■ Directions for this task
Reproduce the entries exactly and omit the pictures.

┌─ The input

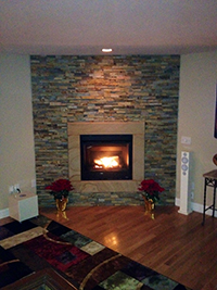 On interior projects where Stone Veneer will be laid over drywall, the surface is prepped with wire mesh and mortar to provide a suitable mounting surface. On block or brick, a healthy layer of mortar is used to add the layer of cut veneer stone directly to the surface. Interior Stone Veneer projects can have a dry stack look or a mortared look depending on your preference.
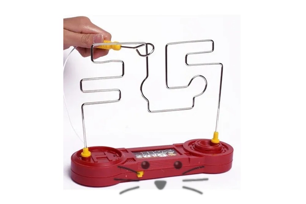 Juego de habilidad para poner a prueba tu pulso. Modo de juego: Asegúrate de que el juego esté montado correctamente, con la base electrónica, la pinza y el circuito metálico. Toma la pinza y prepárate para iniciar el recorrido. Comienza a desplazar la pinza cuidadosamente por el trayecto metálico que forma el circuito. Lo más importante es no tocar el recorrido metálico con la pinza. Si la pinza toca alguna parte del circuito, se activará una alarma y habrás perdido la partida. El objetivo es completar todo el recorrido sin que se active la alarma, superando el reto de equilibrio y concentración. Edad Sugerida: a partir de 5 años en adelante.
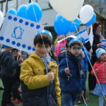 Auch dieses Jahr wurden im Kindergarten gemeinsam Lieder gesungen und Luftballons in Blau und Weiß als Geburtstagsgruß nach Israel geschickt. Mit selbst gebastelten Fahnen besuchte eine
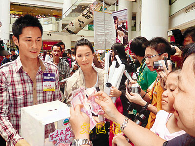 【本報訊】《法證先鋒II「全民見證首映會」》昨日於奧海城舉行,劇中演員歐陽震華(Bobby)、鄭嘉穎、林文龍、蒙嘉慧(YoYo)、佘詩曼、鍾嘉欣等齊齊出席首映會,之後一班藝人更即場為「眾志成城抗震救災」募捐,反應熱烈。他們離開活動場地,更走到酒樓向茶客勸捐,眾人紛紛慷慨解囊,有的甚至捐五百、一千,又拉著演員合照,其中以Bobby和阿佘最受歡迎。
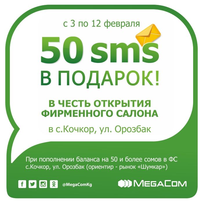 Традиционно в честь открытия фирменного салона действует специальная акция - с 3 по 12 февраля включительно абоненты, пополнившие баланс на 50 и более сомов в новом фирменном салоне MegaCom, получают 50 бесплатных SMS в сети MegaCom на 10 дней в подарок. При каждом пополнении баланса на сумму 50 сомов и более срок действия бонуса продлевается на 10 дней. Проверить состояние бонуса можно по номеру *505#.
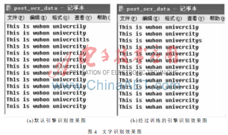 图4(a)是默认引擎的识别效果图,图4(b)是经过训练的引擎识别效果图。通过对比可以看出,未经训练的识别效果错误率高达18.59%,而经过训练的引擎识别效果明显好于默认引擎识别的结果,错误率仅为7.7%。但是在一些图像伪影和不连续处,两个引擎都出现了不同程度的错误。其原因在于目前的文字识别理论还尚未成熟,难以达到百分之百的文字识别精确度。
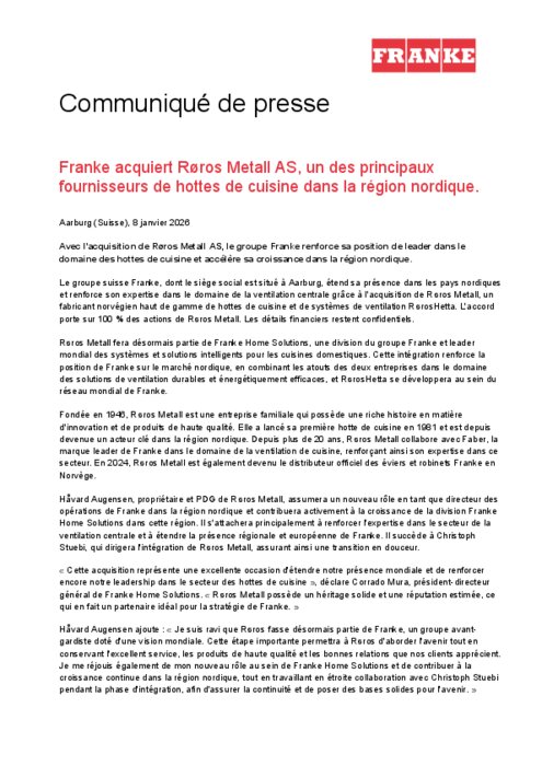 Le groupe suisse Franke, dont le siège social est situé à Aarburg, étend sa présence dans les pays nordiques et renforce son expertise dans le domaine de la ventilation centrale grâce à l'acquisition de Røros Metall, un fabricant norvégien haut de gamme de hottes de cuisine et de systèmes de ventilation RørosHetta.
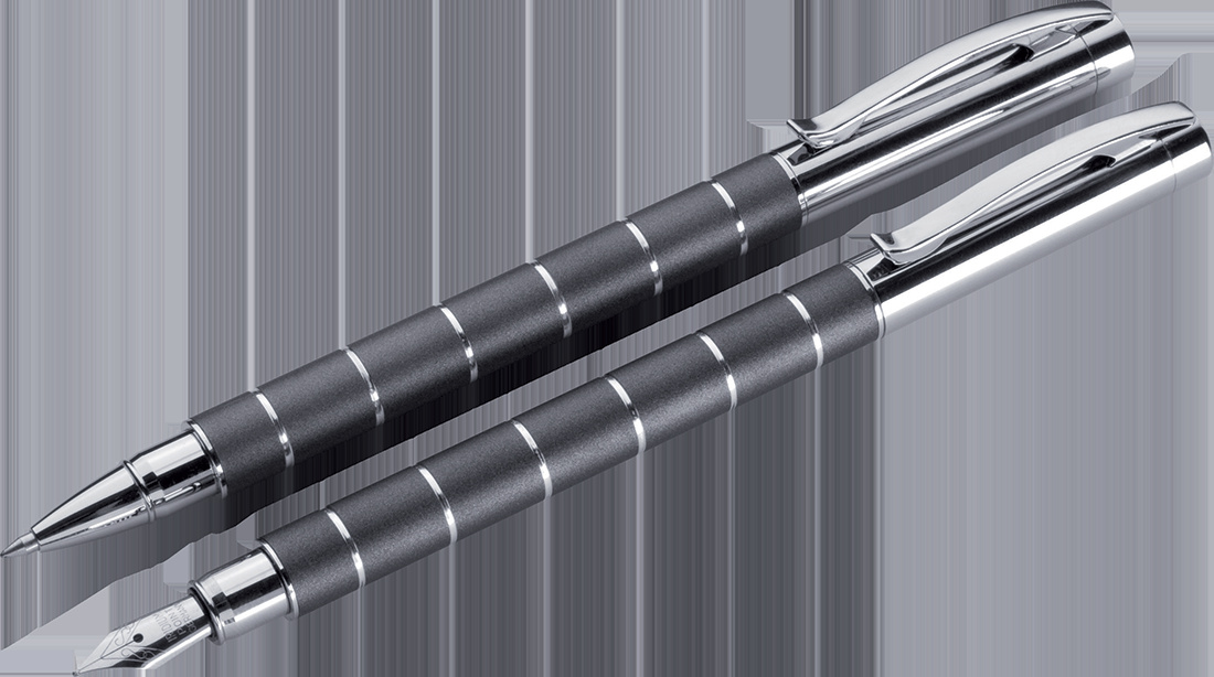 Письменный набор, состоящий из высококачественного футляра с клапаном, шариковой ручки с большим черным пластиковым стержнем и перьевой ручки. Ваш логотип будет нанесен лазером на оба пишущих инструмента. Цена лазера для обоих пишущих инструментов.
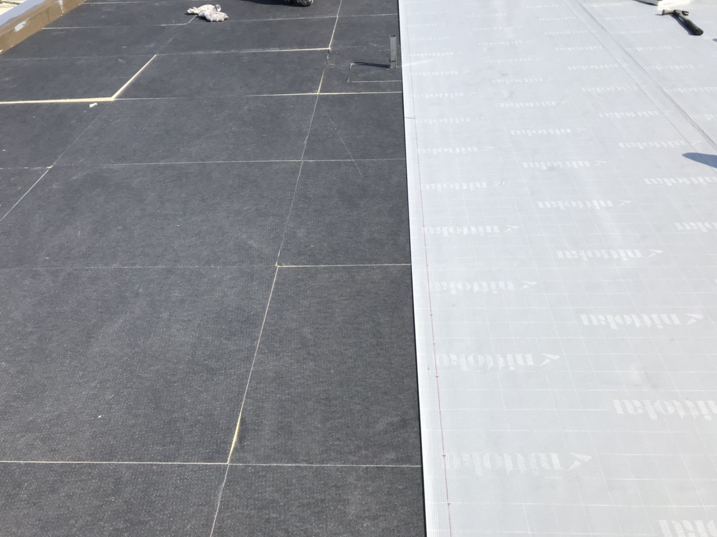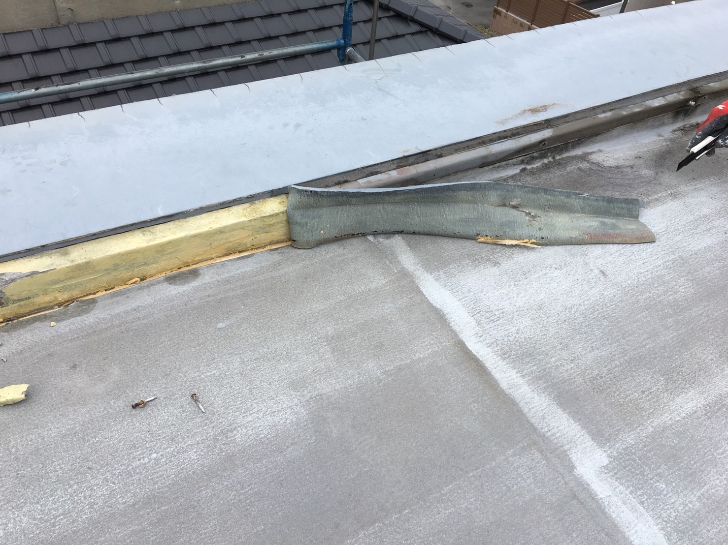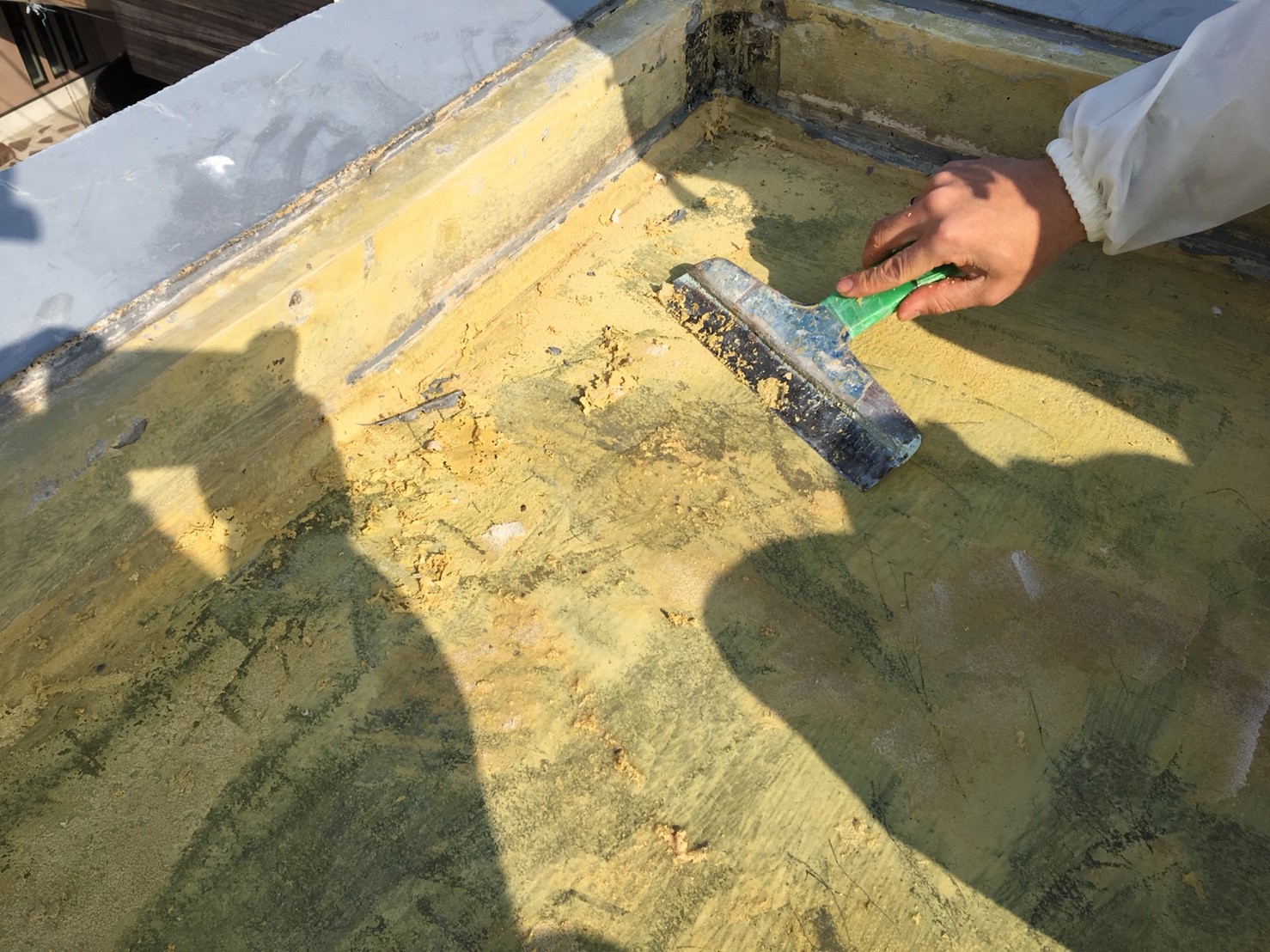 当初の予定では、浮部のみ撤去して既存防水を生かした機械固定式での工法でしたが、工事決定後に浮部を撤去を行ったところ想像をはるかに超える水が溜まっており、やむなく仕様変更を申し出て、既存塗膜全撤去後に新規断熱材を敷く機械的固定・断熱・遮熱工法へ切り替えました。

└─

■ Response to this exercise
 On interior projects where Stone Veneer will be laid over drywall, the surface is prepped with wire mesh and mortar to provide a suitable mounting surface. On block or brick, a healthy layer of mortar is used to add the layer of cut veneer stone directly to the surface. Interior Stone Veneer projects can have a dry stack look or a mortared look depending on your preference.
 Juego de habilidad para poner a prueba tu pulso. Modo de juego: Asegúrate de que el juego esté montado correctamente, con la base electrónica, la pinza y el circuito metálico. Toma la pinza y prepárate para iniciar el recorrido. Comienza a desplazar la pinza cuidadosamente por el trayecto metálico que forma el circuito. Lo más importante es no tocar el recorrido metálico con la pinza. Si la pinza toca alguna parte del circuito, se activará una alarma y habrás perdido la partida. El objetivo es completar todo el recorrido sin que se active la alarma, superando el reto de equilibrio y concentración. Edad Sugerida: a partir de 5 años en adelante.
 Auch dieses Jahr wurden im Kindergarten gemeinsam Lieder gesungen und Luftballons in Blau und Weiß als Geburtstagsgruß nach Israel geschickt. Mit selbst gebastelten Fahnen besuchte eine
 【本報訊】《法證先鋒II「全民見證首映會」》昨日於奧海城舉行,劇中演員歐陽震華(Bobby)、鄭嘉穎、林文龍、蒙嘉慧(YoYo)、佘詩曼、鍾嘉欣等齊齊出席首映會,之後一班藝人更即場為「眾志成城抗震救災」募捐,反應熱烈。他們離開活動場地,更走到酒樓向茶客勸捐,眾人紛紛慷慨解囊,有的甚至捐五百、一千,又拉著演員合照,其中以Bobby和阿佘最受歡迎。
 Традиционно в честь открытия фирменного салона действует специальная акция - с 3 по 12 февраля включительно абоненты, пополнившие баланс на 50 и более сомов в новом фирменном салоне MegaCom, получают 50 бесплатных SMS в сети MegaCom на 10 дней в подарок. При каждом пополнении баланса на сумму 50 сомов и более срок действия бонуса продлевается на 10 дней. Проверить состояние бонуса можно по номеру *505#.
 图4(a)是默认引擎的识别效果图,图4(b)是经过训练的引擎识别效果图。通过对比可以看出,未经训练的识别效果错误率高达18.59%,而经过训练的引擎识别效果明显好于默认引擎识别的结果,错误率仅为7.7%。但是在一些图像伪影和不连续处,两个引擎都出现了不同程度的错误。其原因在于目前的文字识别理论还尚未成熟,难以达到百分之百的文字识别精确度。
 Le groupe suisse Franke, dont le siège social est situé à Aarburg, étend sa présence dans les pays nordiques et renforce son expertise dans le domaine de la ventilation centrale grâce à l'acquisition de Røros Metall, un fabricant norvégien haut de gamme de hottes de cuisine et de systèmes de ventilation RørosHetta.
 Письменный набор, состоящий из высококачественного футляра с клапаном, шариковой ручки с большим черным пластиковым стержнем и перьевой ручки. Ваш логотип будет нанесен лазером на оба пишущих инструмента. Цена лазера для обоих пишущих инструментов.
 当初の予定では、浮部のみ撤去して既存防水を生かした機械固定式での工法でしたが、工事決定後に浮部を撤去を行ったところ想像をはるかに超える水が溜まっており、やむなく仕様変更を申し出て、既存塗膜全撤去後に新規断熱材を敷く機械的固定・断熱・遮熱工法へ切り替えました。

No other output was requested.